You're postulating one possible (and in my mind, unlikely) outcome. I'm pointing out that the usual and straightforward result of threatening punishment is that people stop doing the activity (or at least rethink it).

It’s necessary because what if the risk factor is simply working in that industry at all, because of all the people fucked over by it? If regardless of their actual efforts to improve the humanitarian situation

It's 2024. Stats and numbers are publicly available and easily searchable on the internet. UHC had double the industry average rejection rate. And the CEO had been in charge for long enough that if he had wanted to make changes, he could have. There's no 'hypothetical' scenario here.

It's weird how only in the US is it necessary for insurance companies to fuck their customers over to survive. I wonder why insurance companies in the rest of the world can survive without fucking their customers over? I suppose it's a puzzle we'll never solve.

[–] chicken@lemmy.dbzer0.com 1 points 2 weeks ago (1 children)

I’m pointing out that the usual and straightforward result of threatening punishment is that people stop doing the activity (or at least rethink it).

The idea that punishment works is for the most part an authoritarian fantasy, not reality, and this is backed by both research into individual behavior and collective behavior.

I wonder why insurance companies in the rest of the world can survive without fucking their customers over?

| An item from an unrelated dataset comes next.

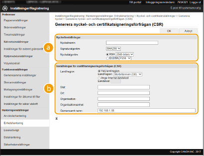 Eftersom certifikat som skapas med enheten inte får en CA-signatur kan det uppstå kommunikationsfel i förhållande till motpartens utrustning. Om du vill att certifikatmyndigheten utfärdar ett certifikat med CA-signatur behöver du inhämta CSR-data (Certificate Signing Request). Administratören kan hämta dessa från fjärranvändargränssnittet. När certifikatet är utfärdat registrerar du det i nyckeln tillsammans med CSR.

Probably because the insurance companies they compete with are bound by the same (specific, predictable, law-based) rules prohibiting that behavior. Probably not because they are afraid of angry customers with guns.

[–] AwesomeLowlander@sh.itjust.works 1 points 2 weeks ago* (last edited 2 weeks ago) (1 children)

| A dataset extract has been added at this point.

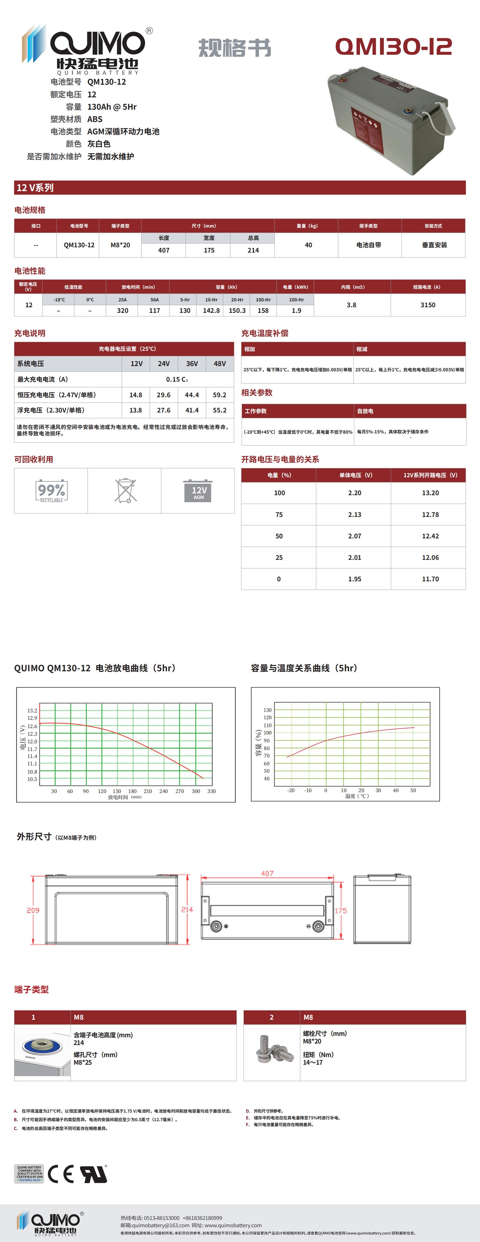 QUIMO登高車用閥控式鉛酸蓄電池QM-130

The idea that punishment works is for the most part an authoritarian fantasy, not reality

The idea that punishment works is the concept behind our entire justice system, and most of society.

Probably because the insurance companies they compete with are bound by the same (specific, predictable, law-based) rules prohibiting that behavior. Probably not because they are afraid of angry customers with guns.

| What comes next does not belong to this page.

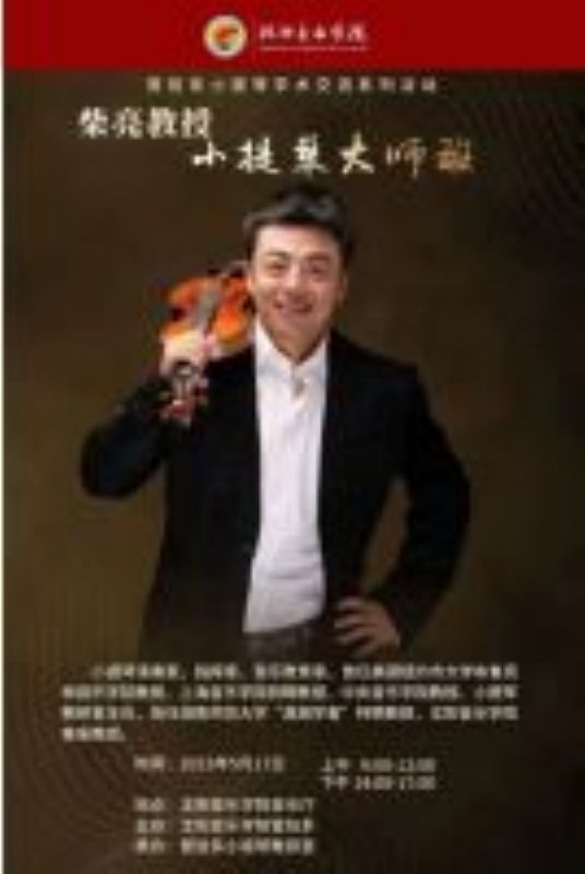 5月17日,由我院管弦系主办的著名小提琴演奏家、指挥家、音乐教育家,柴亮教授小提琴大师班在沈阳音乐学院音乐厅举行。曾任美国纽约市大学布鲁克林音乐学院教授,上海音乐学院特聘教授,中央音乐学院教授、小提琴教研室主任,现任湖南师范大学“潇湘学者”特聘教授,沈阳音乐学院客座教授。

You seem to have missed the point. You claimed that 'the risk factor is simply working in that industry at all'. I'm pointing out that the industry does not inherently have any risk factor, and it's entirely possible to be in the industry without murdering tens of thousands of people. The rest of the world manages to do it. The risk factor would be deciding to screw your customers over.

[–] chicken@lemmy.dbzer0.com 1 points 2 weeks ago (1 children)

The idea that punishment works is the concept behind our entire justice system

It's one of the concepts, and that's a big part of why we have so much evidence against it.

[–] AwesomeLowlander@sh.itjust.works 1 points 2 weeks ago (1 children)

On a quick google:

The certainty of being caught is a vastly more powerful deterrent than the punishment. Research shows clearly: If criminals think there's only a slim chance they will be caught, the severity of punishment — even draconian punishment — is an ineffective deterrent to crime

So the more executions, the more effective it is?

[–] chicken@lemmy.dbzer0.com 1 points 2 weeks ago* (last edited 2 weeks ago) (1 children)

Sounds right, but again with the caveat, what are they being caught for? Being a healthcare executive at all? Some vaguely defined moral threshhold? What is it they are being taught to fear, and how disconnected is that from any actual intention? Like beating a dog to try to get it to stop destroying your furniture. And then consider that certain punishment for them isn't actually realistic unless it's the government imposing it. Vigilantes can't get them all or probably even many of them.

If anything, China and Russia have shown that having unclear laws and lines are far more effective than clear-cut rules, because when you don't know where the line is, you self-police to a degree more than the state would otherwise do. It doesn't work on dogs because they aren't intelligent enough to understand. It DOES work on humans because we get it.

Vigilantes can’t get them all or probably even many of them.

That would depend on how popular a movement it becomes, hmm? It certainly worked for the IRA.